1Institute of Dermatology & Cutaneous Sciences, 1-27 Odori West 17, Chuo-ku, Sapporo 060-0042, Japan
2Department of Dermatology, School of Medicine, Sapporo Medical University, South 1 West 16, Chuo-ku, Sapporo 060-8556, Japan
3Department of Chemistry, School of Health Sciences, Fujita Health University, 1-98 Dengakugakubo, Kutsukake-cho, Toyoake, Aichi 470-1192, Japan
4Department of Pathology 1, School of Medicine, Sapporo Medical University, South 1 West 16, Chuo-ku, Sapporo 060-8556, Japan
5Department of Chemical Engineering, Faculty of Engineering, Kyushu University, 744 Motooka, Nishi-ku, Fukuoka 819-0395, Japan
6Department of Biotechnology, School of Engineering, Nagoya University, Furo-cho, Chikusa-ku, Nagoya 464-8603, Japan
7Meito Sangyo Co., Ltd., 25-5 Kaechi, Nishibiwajima-cho, Kiyosu, Aichi 452-0067, Japan
8Faculty of Health and Welfare, Kawasaki University of Medical Welfare, 288 Matsushimai, Kurashiki, Okayama 701-0193, Japan
9Department of Hyperthermia Medical Research Laboratory, Louis Pasteur Center for Medical Research, 103-5, Tanakamonzen-cho, Sakyo-ku, Kyoto 606-8225, Japan
10Yamamoto Vinita Co., Ltd., 3-12 ueshio 6, Tennoji-ku, Osaka 543-0002, Japan
11Department of Biological Chemistry, College of Bioscience and Biotechnology, Chubu University, 1200 Matsumoto-cho, Kasugai, Aichi 487-8501, Japan

Received 9 August 2012; Revised 8 January 2013; Accepted 22 January 2013

Academic Editor: Mohammed Kashani-Sabet

Copyright © 2013 Kowichi Jimbow et al. This is an open access article distributed under the Creative Commons Attribution License, which permits unrestricted use, distribution, and reproduction in any medium, provided the original work is properly cited.

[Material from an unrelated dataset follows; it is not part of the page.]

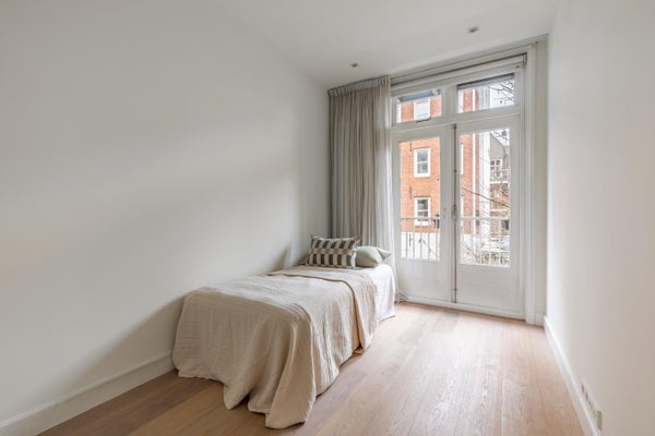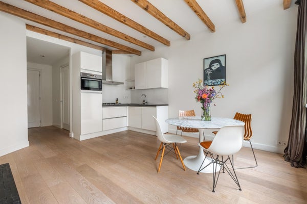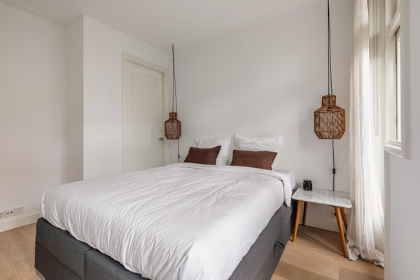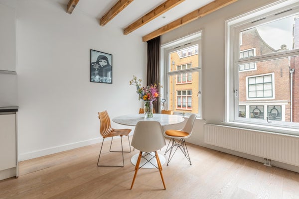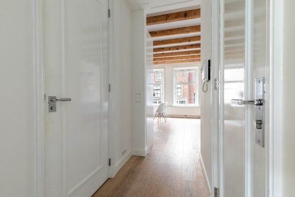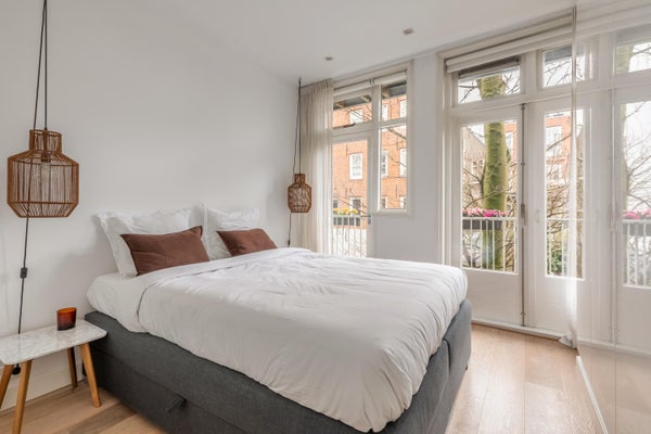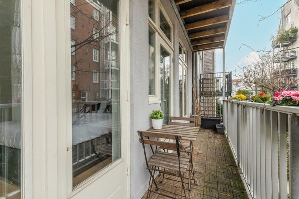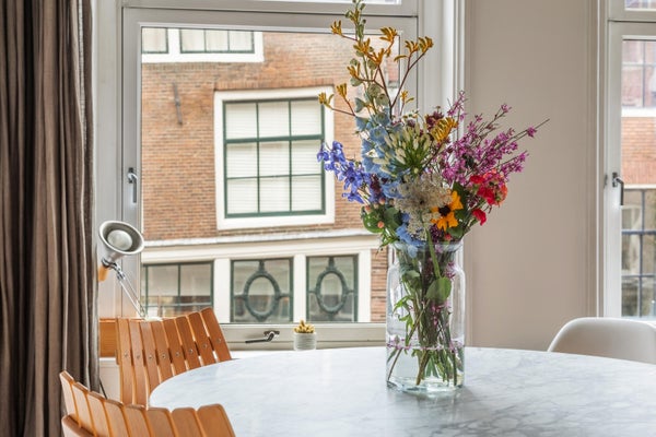 Achter de gevel van dit karakteristieke pand in de Bloemstraat bevindt zich een appartement van circa 54 m², waar licht, ruimte en sfeer samenkomen. Na de renovatie in 2016 geniet u van een ruime woonkamer met open keuken, twee slaapkamers en een balkon van ongeveer 6 m². De entree op de eerste verdieping biedt toegang tot een lichte woonkamer met hoge plafonds en grote ramen die zorgen voor veel natuurlijk licht. De open keuken is uitgerust met moderne inbouwapparatuur. Het appartement heeft een moderne badkamer met een inloopdouche, wastafel, bidet en toilet. Beide slaapkamers geven toegang tot het balkon en zijn ruim genoeg voor diverse doeleinden. Gelegen in de Jordaan, nabij cafés, restaurants en winkels, met goede verbindingen naar het openbaar vervoer.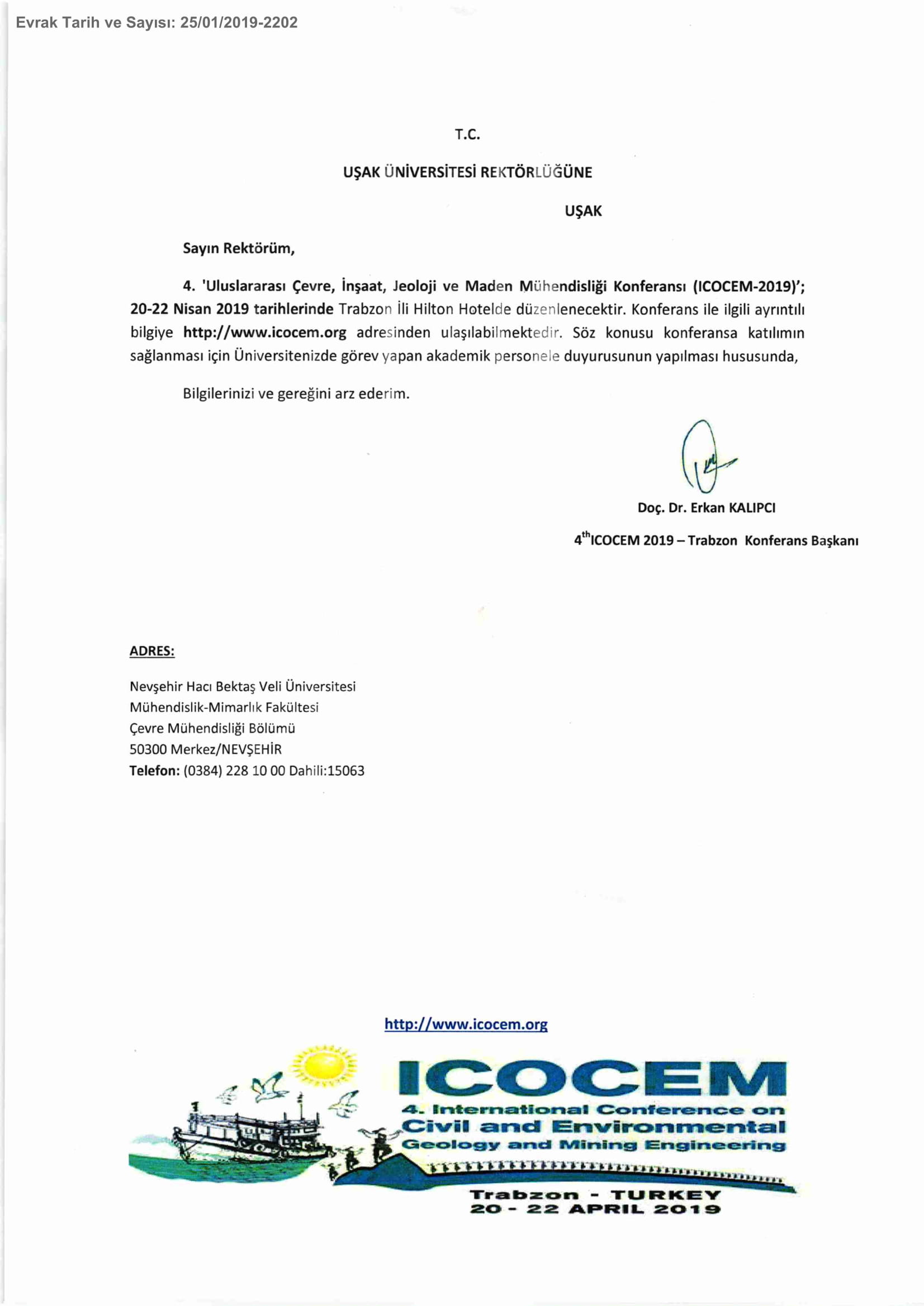 Ana Sayfa / Duyurular / 4. Uluslararası Çevre, İnşaat, Jeoloji ve Maden Mühendisliği Konferansı

Exploitation of biological properties unique to cancer cells may provide a novel approach to overcome difficult challenges to the treatment of advanced melanoma. In order to develop melanoma-targeted chemothermoimmunotherapy, a melanogenesis substrate, N-propionyl-4-S-cysteaminylphenol (NPrCAP), sulfur-amine analogue of tyrosine, was conjugated with magnetite nanoparticles. NPrCAP was exploited from melanogenesis substrates, which are expected to be selectively incorporated into melanoma cells and produce highly reactive free radicals through reacting with tyrosinase, resulting in chemotherapeutic and immunotherapeutic effects by oxidative stress and apoptotic cell death. Magnetite nanoparticles were conjugated with NPrCAP to introduce thermotherapeutic and immunotherapeutic effects through nonapoptotic cell death and generation of heat shock protein (HSP) upon exposure to alternating magnetic field (AMF). During these therapeutic processes, NPrCAP was also expected to provide melanoma-targeted drug delivery system.